With our Spartan Spirit Awards, we celebrate the people who embody the key Spartan values: grit, determination, and perseverance. We’re honored to award Kevin Shephard with the Spirit Award because he pushed himself to the limit to raise awareness of Ehlers Danlos Syndrome (EDS). He shares how his Spartan race helped him make meaning out of this painful and progressive condition.
“My main goal for the race was to make the invisible pain visible.”— Kevin Shephard
It took grit for Kevin Shephard to tackle his first Spartan race, a Sprint in Sacramento on Nov. 16. Shephard, the Director of the non-profit Support Real Teachers, went into the race knowing he’d be in extreme pain, and that he might sustain injuries. His doctors believe that he has the hypermobility variant of Ehlers Danlos Syndrome (EDS). People with this syndrome are more likely to dislocate bones and injure fragile skin and tissues, among other symptoms.
Once, Shephard was defined by his high level of fitness and physical activity. He was a marine in his twenties, but a shoulder injury that refused to heal forced him to accept a medical discharge before finishing his fourth year. In his mid-thirties, he was teaching self defense, playing hockey, and enrolled in a doctoral program in physical education when his health began to decline. In recent years, EDS has become debilitating and isolating for Shephard, but he resolved to make an impact anyway. He was driven to compete in Spartan in order to create visibility for people living with EDS. Celebrities including Jameela Jamil, Sia, and Lena Dunham have recently come forth about their EDS, so Shephard believes the moment is right to increase public understanding.

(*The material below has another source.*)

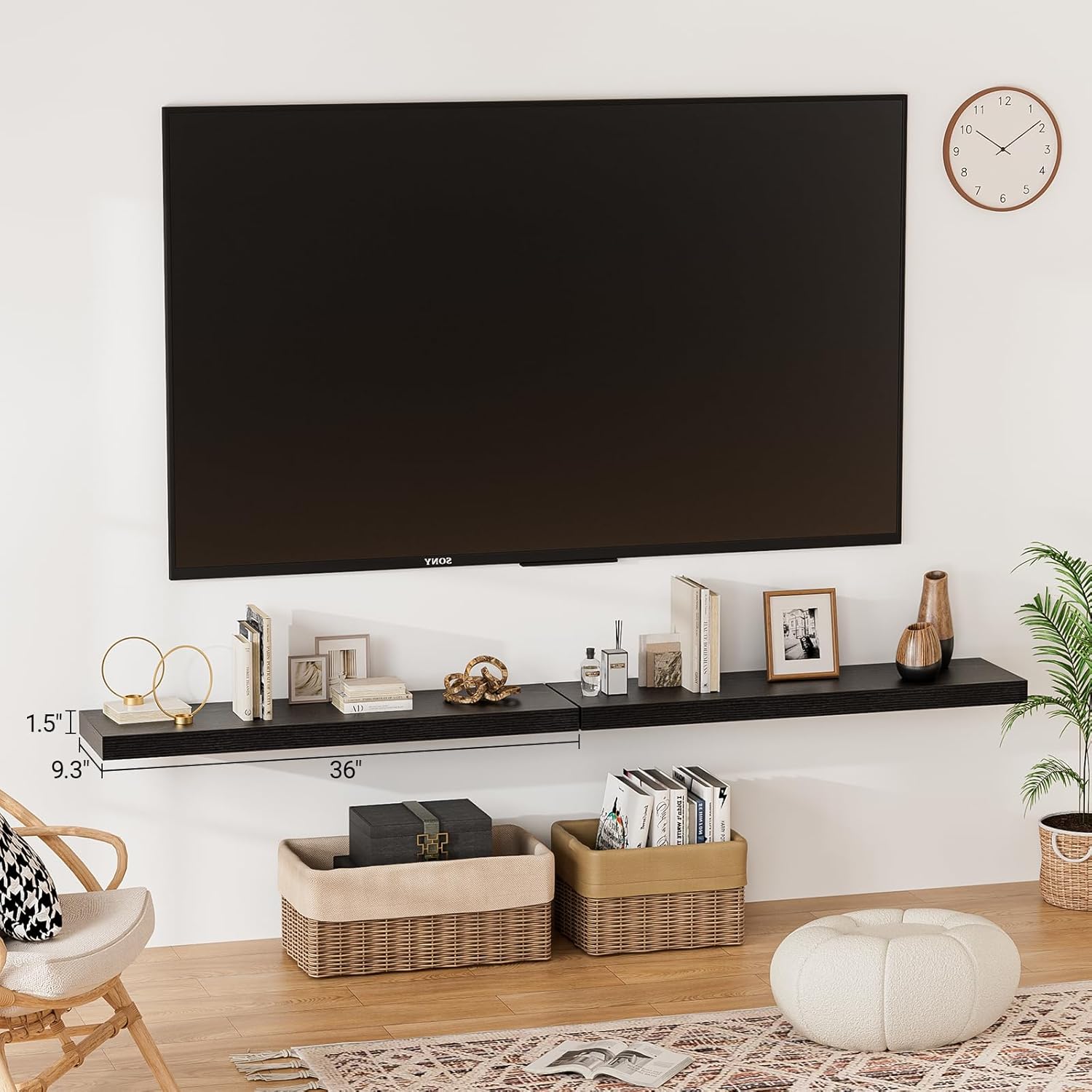 - ăModern Rustic LookăOur 36 inch floating shelves for wall are made from durable engineered wood,which blends well with modern and rustic farmhouse wall decor alike.The black floating shelves is available in colors & sizes,perfect for storing books,plants,collectibles,etc..

Kevin Shephard Races to Create Empathy for People with EDS
SPARTAN RACE: What is EDS?
KEVIN SHEPARD: It’s a group of genetic conditions that lead to defective collagen production and use. There are many variants with varying degrees of severity within each. It affects every system of the body—immune, digestive, nervous, cardiovascular—not just the joints. Someone with the hypermobility variant might suffer from musculoskeletal pain and dislocations, as well as a range of other symptoms. Sara Geurts, a model and activist with the EDS variant that most affects the skin, is in her twenties yet she looks much older due to her skin’s lack of elasticity.
SR: Knowing you have EDS, why did you choose to compete in a Spartan Sprint?

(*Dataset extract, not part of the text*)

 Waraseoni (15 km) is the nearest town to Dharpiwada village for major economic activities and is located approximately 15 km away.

KS: Unfortunately, people with EDS are often dismissed because usually the symptoms are internal. On a weekly basis, I see posts within the EDS community that say doctors aren’t listening. Doctors, family, friends, and employers often don’t believe or understand what we go through, which adds to our stress. My main goal for the race was to make the invisible pain visible. I look like a normal healthy person, but on the inside, everything is messed up. As I engage in physical activity, my pain level increases and becomes more visible. It wasn’t about personal accomplishment; it was about doing something for the EDS community.
SR: What were the early symptoms of your EDS?
KS: My early symptoms were a severe decrease in fitness and weight, joint pain, migraines, and extreme dizzy spells. There is no genetic test for the hypermobility EDS, so it’s difficult to get a diagnosis. I have two of the three formal criteria for a diagnosis. My doctors consider me “actively under consideration” for a h-EDS diagnosis due to my small joint hypermobility, associated conditions, and family history (my sister has an official diagnosis). Getting a diagnosis is a frustrating process, which is part of the reason I want to raise awareness about the syndrome.
Kevin Shephard Uses Technique to Achieve His Goal
SR: How did your race go? Were you able to finish?
KS: I was surprised at how well I did considering that I have spent the majority of my days in bed for the last 2.5 years, with only 2 daily walks and occasional physical therapy. I do, however, have a high level of physical literacy because I was a physical educator. This helped me get through the obstacles by relying on technique rather than strength. For example, I climbed the A-frames without using hands by keeping my center of gravity over the narrow steps. Another example was going up and over the pull-up bars. Once I got my upper body above the bar, I let gravity somersault me over. It wasn’t until midway through the race that my legs started hurting. I used women’s weights for two of the obstacles and finished the race (in 2:08:06) with my mom racing along side of me. My muscles’ “savings account” from being physically active throughout my life helped me get through. Afterwards, I had sore hips and ribs, bruised and raw palms, bruised shoulders, multiple cuts and abrasions, and slept for much of the evening and the next day, but it was worth it.
Kevin Shephard Won’t Let EDS Stop Him
SR: Despite your extreme pain, you’re still working. How and why?
KS: I work part-time, from home, on a non-profit website Support Real Teachers. This organization’s mission is to increase the quantity and quality of physical education children get. Our website is like an encyclopedia for physical education educators. There’s also an advocacy section that gives individuals resources to fight for adequate physical education in their communities. Working on SupportREALTeachers.org, and participating in the EDS community, keeps me connected and gives me purpose.